§ **Information supplied**:
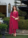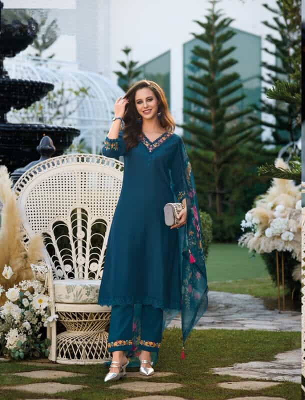 The three-quarter sleeves and hem are embellished with delicate embroidery, seamlessly blending traditional artistry with modern style. The kurta is paired with matching blue pants, accentuated with embroidered borders that mirror the kurta’s design, ensuring a cohesive and stylish look.
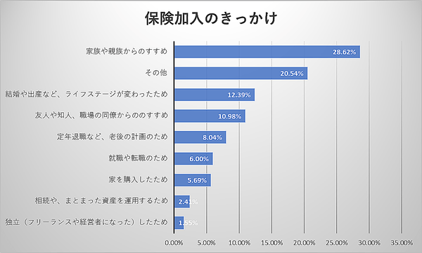 「家族や親族からのすすめ」や「ライフステージの変化」をきっかけに保険の加入を検討する人が多いです。
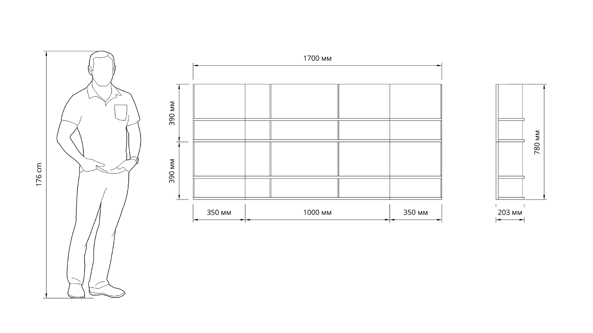 Материал стоек: ЛДСП 16мм. Материал полок: ЛДСП 8 мм.

§ **What is needed**:
Word for word, restate the material above; do not carry over the pictures.

§ **Written response**:
 The three-quarter sleeves and hem are embellished with delicate embroidery, seamlessly blending traditional artistry with modern style. The kurta is paired with matching blue pants, accentuated with embroidered borders that mirror the kurta’s design, ensuring a cohesive and stylish look.
 「家族や親族からのすすめ」や「ライフステージの変化」をきっかけに保険の加入を検討する人が多いです。
 Материал стоек: ЛДСП 16мм. Материал полок: ЛДСП 8 мм.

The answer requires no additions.